(Given records)
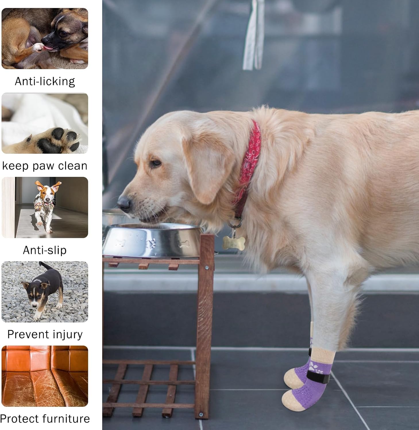 - MULTIFUNCTIONAL MULTI-SITUATION APPLICATION: This dog socks for hardwood floors can provide protection for your dog's paws from hot pavement, heat and other potential hazards in the summer. Wearing our socks also prevents dogs from licking and irritating wounds, further aiding in the healing of foot wounds.
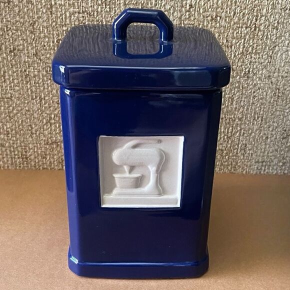 Vintage Roshco TileWare Cobalt Blue Mixer Graphic Tile Ceramic Square Canister
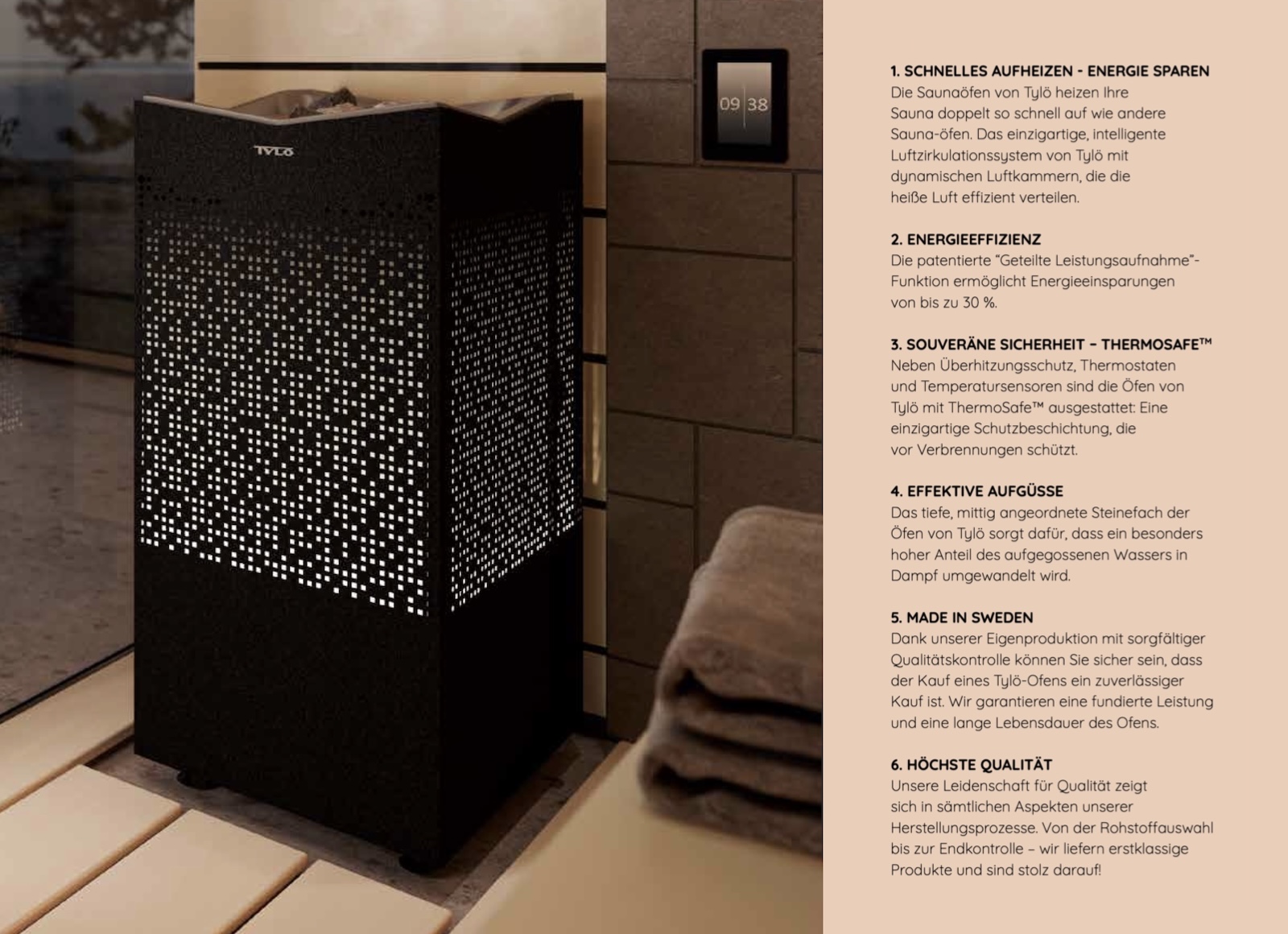 - 1x Tylö Crown Elite 8 Premium Saunaofen 8 kW finnischer Stand-Saunaofen
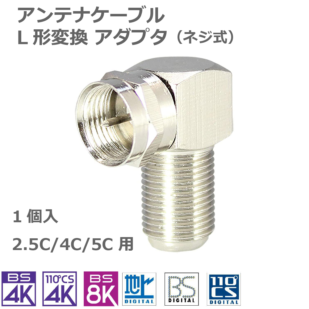 アンテナケーブル L型 変換 アダプタ コネクタ プラグ ネジ式 4K 8K対応 1個入 テレビ 配線 BS CS CATV 地デジ 衛星放送 4CFB-LSAD
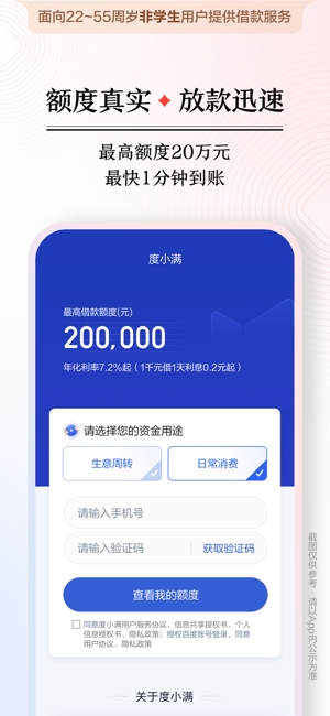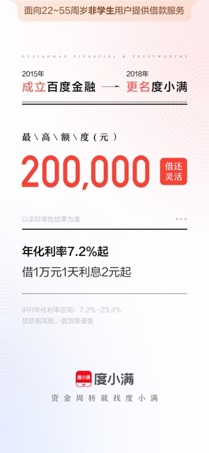度小满金融提供互联网信贷服务、优质的基金销售服务和安心的保险服务,严格筛选金融产品,提供多重保障服务,确保用户资金安全。用户可通过手机在线申请,享受便捷的金融服务体验。
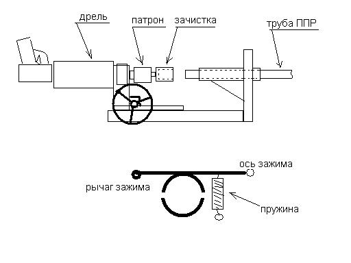 Видел в каком-то магазине бытовые сверлильные станки с хомутом крепления для дрели - вместо двигателя. ИМХО если положить данный станок набок и модифицировать его рабочий стол - установить спец.зажим (в виде подпружиненной разрезной 20см. трубы с резиновой подложкой - см. рисунок) в котором можно фиксировать трубу ППР, то ИМХО можно будет достаточно быстро и легко зачищать большое кол-во армированных труб. Еще можно нанести риски на рабочем столе такого станка - для центрирования разных диаметров труб. А если в центре зачистки поместить граненый металлический конус (с гранями чуть более внутреннего диаметра трубы ППР) то будет автоматом сниматься еще и фаска.
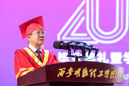 学校校长王志刚作了主题为“以青春之我,做时代先锋”的致辞,深情回顾了2025届毕业生求学期间党和国家事业发展辉煌历程、学校高质量转型发展成果,以及学生在校学习、生活和取得成绩,殷切寄语同学们“心系家国,做复兴征程的答卷者;勤奋好学,做终身求知的深耕者;笃行实干,做人生梦想的践行者;赓续薪火,做明德文化的传承者”,并赋诗赠别:“秦岭巍巍沣水岸,五千学子正华年。万紫千红齐竞艳,今朝桃李香满园。放眼四海天地宽,止于至善勇登攀。青春做伴鸿图展,长安从此捷报传。”勉励全体毕业生响应新时代召唤,以“强国有我”的使命担当,在中国式现代化的壮阔征程中书写无愧于时代、无愧于人民、无愧于青春的精彩华章。
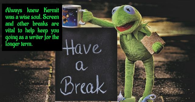 Screen and other breaks are vital to help keep you going as a writer for the longer term
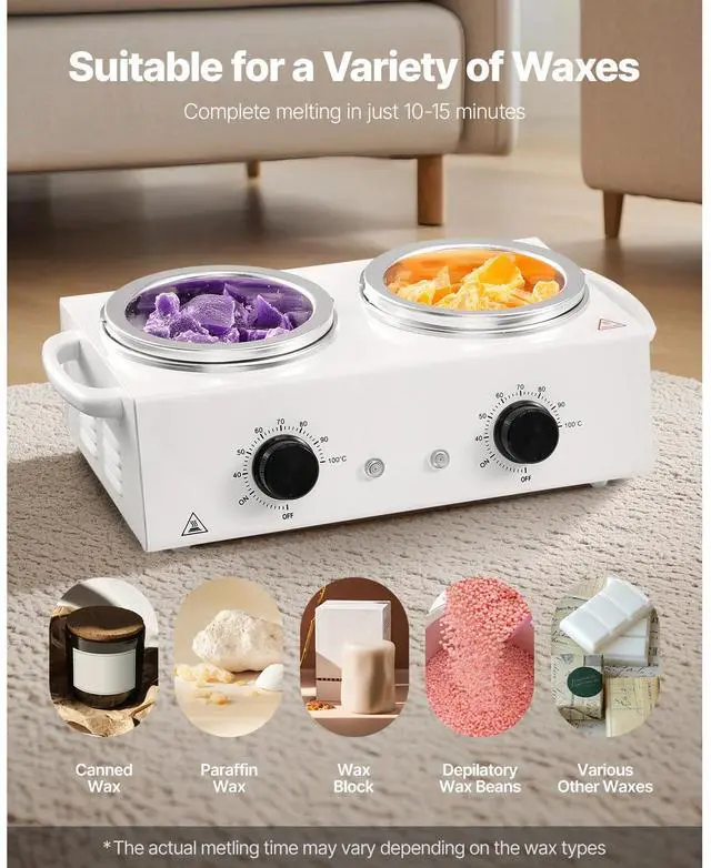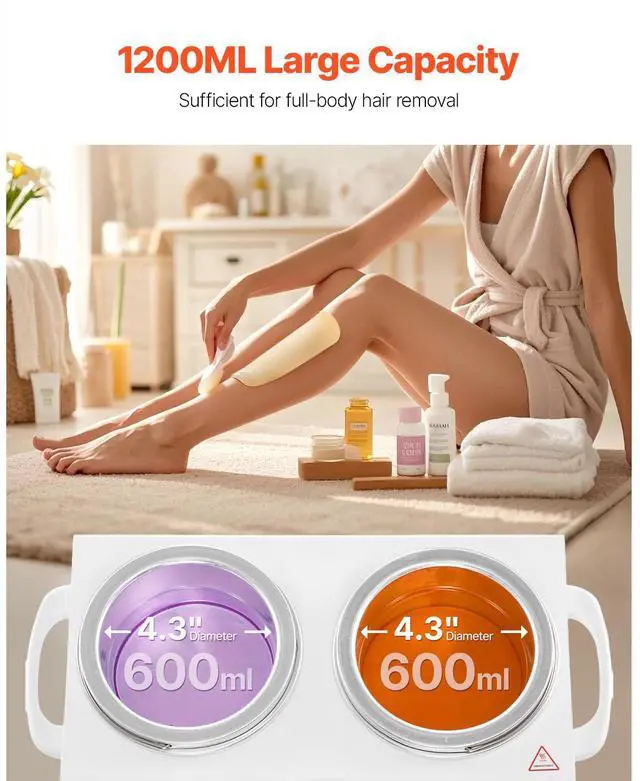 VEVOR Double Wax Warmer 1200ML Professional Dual Wax Heater Pot for Hair Removal Even Heating High-Quality Aluminum Pot 4 Steps to Quickly Melt Wax Suitable for the Whole Body Large Capacity Adjustable
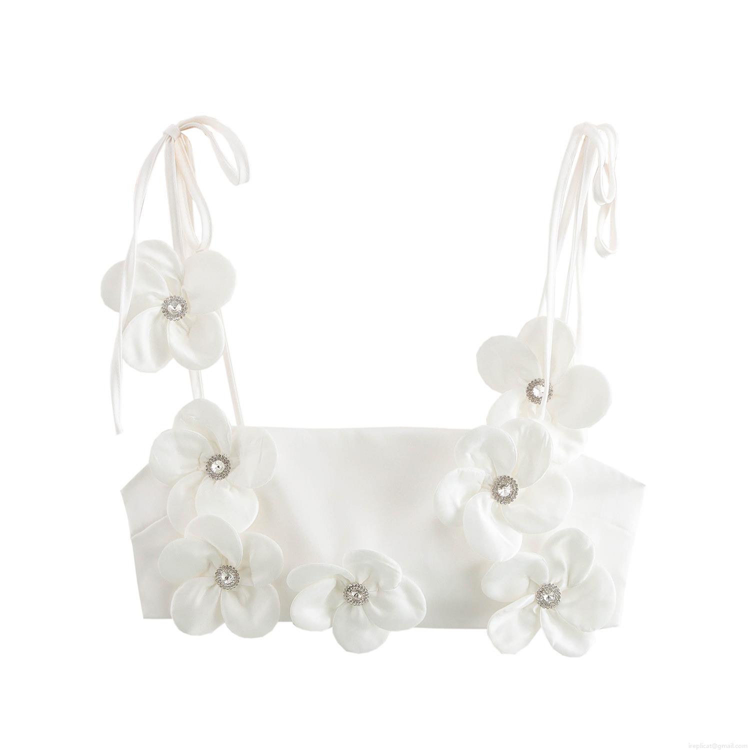 • Women's Elegant 2 Piece Skirt Set 3D Flower Spaghetti Strap Lace-up Crop Top And Satin Fishtail Maxi Skirt Sexy Evening Party Outfit
(End Given records)
Please output the lines from the line that holds "Screen and other" through the final line of the material above, both included. Each line must match exactly, and pictures must be excluded.

 Screen and other breaks are vital to help keep you going as a writer for the longer term
 VEVOR Double Wax Warmer 1200ML Professional Dual Wax Heater Pot for Hair Removal Even Heating High-Quality Aluminum Pot 4 Steps to Quickly Melt Wax Suitable for the Whole Body Large Capacity Adjustable
 • Women's Elegant 2 Piece Skirt Set 3D Flower Spaghetti Strap Lace-up Crop Top And Satin Fishtail Maxi Skirt Sexy Evening Party Outfit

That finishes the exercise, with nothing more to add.